Over the last four years, the Laboratory has built a comprehensive platform for genome sequencing, data analysis and drug studies to advance the development of new, targeted cancer therapies. The Laboratory has implanted human tumors from a wide range of cancers into NSG mice to create what are called patient-derived xenografts, or PDX. PDX tumors are grown and expanded in the mice, yielding information about how the cancers change over time as well as a hugely valuable data and research resource for studying human cancer.

It's a challenging process, and not all tumors "take" and grow in mice. Nonetheless, JAX has established more than 300 PDX models from patient tumors so far, including bladder, brain, breast, colon, kidney, lung, ovarian, pancreatic, skin and other cancers. The Laboratory is now targeting high-risk, metastatic tumors for the PDX program, including those that have or acquire resistance to targeted therapies.
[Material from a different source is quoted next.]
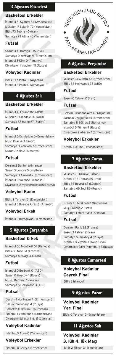 Türkiyeli Ermeniler olarak en kalabalık kafileydik. Ermenistan’da çok özel zamanlar geçirdik. Ancak bu yıl sportif başarı anlamında talihsizlikler yaşadık. Şaibeli bir durumla karşılaştık. Gruptaki son maçların aynı saatte yapılması gerekiyordu fakat saha yetersizliğinden bu mümkün olamadı. Öğlenin 12’sinde yaptığımız maçın ardından Eçmiadzin ile Amerika takımları bizim maç skorumuza göre oynadı. Aralarında anlaştıklarını düşünüyorum ve 0-0 berabere kaldılar, bu sonuçla Amerika ve ekibimizin puanları ve averajları aynı oldu. Yetkililer bir maç daha yapacaksınız ya da kura çekimi yapılacak dedi. Kura çekimi ile hiç adil olmayan bir şekilde Amerika ekibi yoluna devam etti. Bizim için büyük bir tecrübe oldu. Önümüzdeki olimpiyatlar için daha sıkı çalışıp derece almaya çalışacağız.

"The PDX program is a great place for us to start," says Thomas Openshaw, M.D., a medical oncologist who heads up cancer research at Eastern Maine Medical Center's Cancer Care of Maine in Brewer. "It allows us to identify different drugs that can be used on the xenograft, to zero in on what a particular patient's tumor might respond to."

A focused outgrowth of the PDX program, the Maine TNBC study may be small in scope, but it establishes critical infrastructure for growth in the rapidly emerging field of genomic medicine, says Susan Miesfeldt, M.D., a medical oncologist and director of the Cancer Risk and Prevention Program at Maine Medical Center in Portland.

"The goal is to start building bridges between basic research scientists and clinicians caring for women with triple-negative breast cancer," she says. "We have never done a project like this. We're all incredibly busy clinically, but now we have The Jackson Laboratory as a scientific partner to help ground the project. This pilot project will really help to establish and build the infrastructure for the future."

Progress toward patient avatars

While the PDX program provides a solid foundation of knowledge and resources, the benefits to patients are indirect. The next step in the cancer xenograft story is to use a similar platform to create "avatars," mouse stand-ins for specific human patients in which therapeutics can be tested and treatments refined. Eventually, researchers expect to be able to assign a team of mouse avatars to a specific patient, so testing of second-line drug therapies can take place while the patient undergoes initial standard of care treatment. Although a full-blown clinical trial of this patient-specific avatar model may take a few years, the Maine TNBC study will pave the way, Openshaw says.

"Clinical research is a rising tide that lifts all boats," he says. "It allows us to think more deeply and be better informed, with enormous benefits for the patients and clinicians in our practice and for the people of Maine."

Hope for the future

For Trish Ropp, that future is unknown. Still, she remains philosophical about her cancer and its treatment.

"It could be years before they crack whatever code there is," she says. "And this cancer of mine could come back anywhere—my brain, my liver, my lungs. And if it comes back, the chemo I had this time won't be much use to me. So what I really have to fight with now is my own good health and my commitment to exercise, diet and serenity."

She credits scientific research for having improved the outlook for breast cancer patients in the past, and takes inspiration from patients who have tried out new drugs and procedures as they have become available. She has told her physicians that she would be honored to have her cancer tissue used in the new pilot study.

"I understand there is no gain to me directly," she says. "But in a small way, maybe I can help grow our understanding of what makes triple-negative breast cancer what it is. We're very lucky that most breast cancers are very treatable now. It would be nice if triple-negative were treatable, too."